◆ Problem details ◆
When you transcribe the listing that follows, keep every line exact and skip any picture.

◆ Records shown ◆
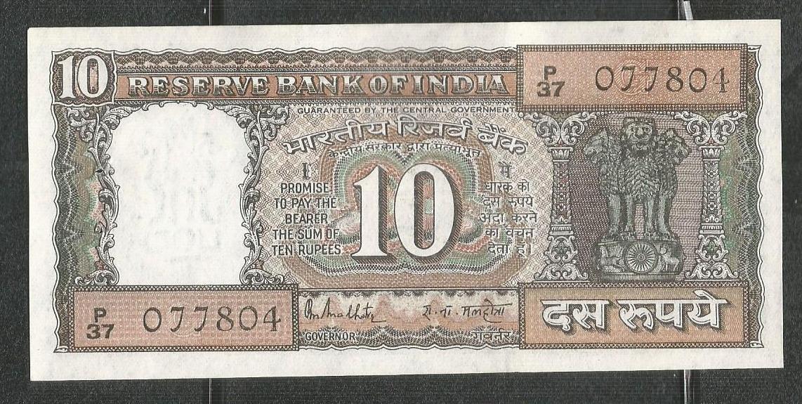 INDIA R N MALHOTRA TEN RUPEES Rs 10 NOTE GEM UNC ENDING 804
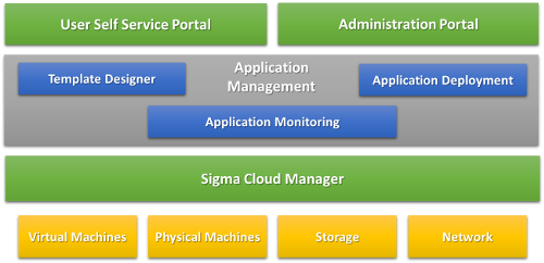 Sigma Application Manager is an applicaiton deployment and management solutions for cloud computing environment. It provides drag and drop interface to create application deployment template, deploys the application in the cloud environment managed by Sigma Cloud Manager, and manages the life cycle of the cloud infrastructure that runs the applicaiton.
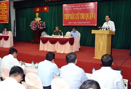 Tại buổi tiếp xúc, cử tri quận 1 và quận 3 đã bày tỏ sự phấn khởi trước kết quả cuộc bầu cử ĐBQH khóa XIV và đại biểu HĐND các cấp nhiệm kỳ 2016-2021, kết quả Kỳ họp thứ nhất, QH khóa XIV, nhất là việc QH đã kiện toàn các chức danh lãnh đạo QH, Nhà nước, Chính phủ.
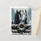 Hübsche Weihnachtspostkarte mit der Grafik eines weißen Pferdes und eines schwarzen Pferdes, stehend an einem Holzgatter, verziert in Feiertagsdörfern und hübschen funkelnden Weihnachtslichtern, die mit Schnee bedeckt sind. Diese Pferde werden in einem Cartoon Comic Buch Pop Art Stil, um ein nostalgisches Gefühl Inside of card hat ein Pferd und Weihnachten pun. Fügen Sie Ihre eigene Urlaubsbotschaft in den personalisierenden Bereich ein.
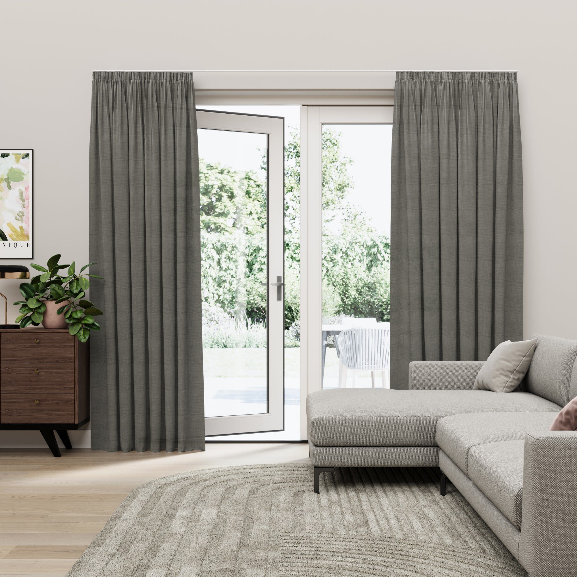 Stell dir vor, wie der Vorhang Cesar in Graubeige deinem Wohnzimmer oder Schlafzimmer eine warme, einladende Atmosphäre verleiht. Die raumhohe Länge sorgt dafür, dass der Stoff in einem Stück hängt, was für ein harmonisches Gesamtbild sorgt.

◆ Solution to the exercise ◆
 INDIA R N MALHOTRA TEN RUPEES Rs 10 NOTE GEM UNC ENDING 804
 Sigma Application Manager is an applicaiton deployment and management solutions for cloud computing environment. It provides drag and drop interface to create application deployment template, deploys the application in the cloud environment managed by Sigma Cloud Manager, and manages the life cycle of the cloud infrastructure that runs the applicaiton.
 Tại buổi tiếp xúc, cử tri quận 1 và quận 3 đã bày tỏ sự phấn khởi trước kết quả cuộc bầu cử ĐBQH khóa XIV và đại biểu HĐND các cấp nhiệm kỳ 2016-2021, kết quả Kỳ họp thứ nhất, QH khóa XIV, nhất là việc QH đã kiện toàn các chức danh lãnh đạo QH, Nhà nước, Chính phủ.
 Hübsche Weihnachtspostkarte mit der Grafik eines weißen Pferdes und eines schwarzen Pferdes, stehend an einem Holzgatter, verziert in Feiertagsdörfern und hübschen funkelnden Weihnachtslichtern, die mit Schnee bedeckt sind. Diese Pferde werden in einem Cartoon Comic Buch Pop Art Stil, um ein nostalgisches Gefühl Inside of card hat ein Pferd und Weihnachten pun. Fügen Sie Ihre eigene Urlaubsbotschaft in den personalisierenden Bereich ein.
 Stell dir vor, wie der Vorhang Cesar in Graubeige deinem Wohnzimmer oder Schlafzimmer eine warme, einladende Atmosphäre verleiht. Die raumhohe Länge sorgt dafür, dass der Stoff in einem Stück hängt, was für ein harmonisches Gesamtbild sorgt.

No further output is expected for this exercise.